On 8/11/23 6:32 PM, Michał Mirosław wrote:
On Fri, Aug 11, 2023 at 05:02:44PM +0500, Muhammad Usama Anjum wrote:
On 8/10/23 10:32 PM, Michał Mirosław wrote:
On Wed, 9 Aug 2023 at 08:16, Muhammad Usama Anjum usama.anjum@collabora.com wrote:
[...]
--- a/fs/proc/task_mmu.c +++ b/fs/proc/task_mmu.c
[...]
+#ifdef CONFIG_TRANSPARENT_HUGEPAGE +static unsigned long pagemap_thp_category(pmd_t pmd) +{
unsigned long categories = PAGE_IS_HUGE;
if (pmd_present(pmd)) {
categories |= PAGE_IS_PRESENT;
if (!pmd_uffd_wp(pmd))
categories |= PAGE_IS_WRITTEN;
if (is_zero_pfn(pmd_pfn(pmd)))
categories |= PAGE_IS_PFNZERO;
} else if (is_swap_pmd(pmd)) {
categories |= PAGE_IS_SWAPPED;
if (!pmd_swp_uffd_wp(pmd))
categories |= PAGE_IS_WRITTEN;
}
return categories;
+}
I guess THPs can't be file-backed currently, but can we somehow mark this assumption so it can be easily found if the capability arrives?
Yeah, THPs cannot be file backed. Lets not care for some feature which may not arrive in several years or eternity.

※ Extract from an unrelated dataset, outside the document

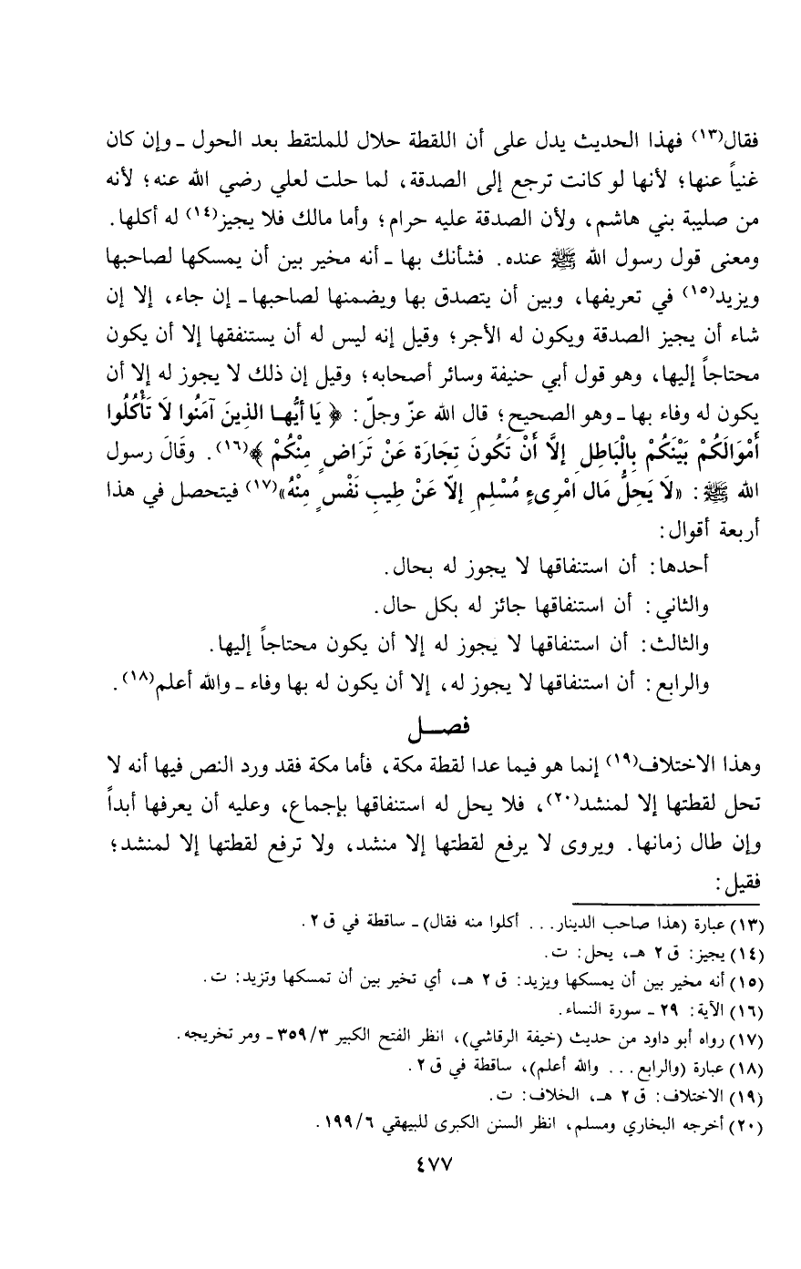 فقال فهذا الحديث يدل على أن اللقطة حلال للملتقط بعد الحول - وإن كان غنيا عنها؛ لأنها لو كانت ترجع إلى الصدقة، لما حلت لعلي - رَضِيَ اللَّهُ عَنْهُ -؛ لأنه من صليبة بني هاشم، ولأن الصدقة عليه حرام؛ وأما مالك فلا يجيز له أكلها. ومعنى قول رسول الله - صَلَّى اللَّهُ عَلَيْهِ وَسَلَّمَ - عنده. «فشأنك بها» - أنه مخير بين أن يمسكها لصاحبها ويزيد في تعريفها، وبين أن يتصدق بها ويضمنها لصاحبها - إن جاء، إلا إن شاء أن يجيز الصدقة ويكون له الأجرة، وقيل إنه ليس له أن يستنفقها إلا أن يكون محتاجا إليها، وهو قول أبي حنيفة وسائر أصحابه؛ وقيل إن ذلك لا يجوز له إلا أن يكون له وفاء بها - وهو الصحيح؛ قال الله عز وجل: {يَا أَيُّهَا الَّذِينَ آمَنُوا لا تَأْكُلُوا أَمْوَالَكُمْ بَيْنَكُمْ بِالْبَاطِلِ إِلا أَنْ تَكُونَ تِجَارَةً عَنْ تَرَاضٍ مِنْكُمْ} [النساء: 29]. وقال رسول الله - صَلَّى اللَّهُ عَلَيْهِ وَسَلَّمَ -: «لا يحل مال امرئ مسلم إلا عن طيب نفس منه» فيتحصل في هذا أربعة أقوال:

Yes, it might not arrive. But please add at least a comment, so that it is clearly visible that lack if PAGE_IS_FILE here is intentional.
I'll add a comment.
+#endif /* CONFIG_TRANSPARENT_HUGEPAGE */
+#ifdef CONFIG_HUGETLB_PAGE +static unsigned long pagemap_hugetlb_category(pte_t pte) +{
unsigned long categories = PAGE_IS_HUGE;
if (pte_present(pte)) {
categories |= PAGE_IS_PRESENT;
if (!huge_pte_uffd_wp(pte))
categories |= PAGE_IS_WRITTEN;
if (!PageAnon(pte_page(pte)))
categories |= PAGE_IS_FILE;
if (is_zero_pfn(pte_pfn(pte)))
categories |= PAGE_IS_PFNZERO;
} else if (is_swap_pte(pte)) {
categories |= PAGE_IS_SWAPPED;
if (!pte_swp_uffd_wp_any(pte))
categories |= PAGE_IS_WRITTEN;
}
BTW, can a HugeTLB page be file-backed and swapped out?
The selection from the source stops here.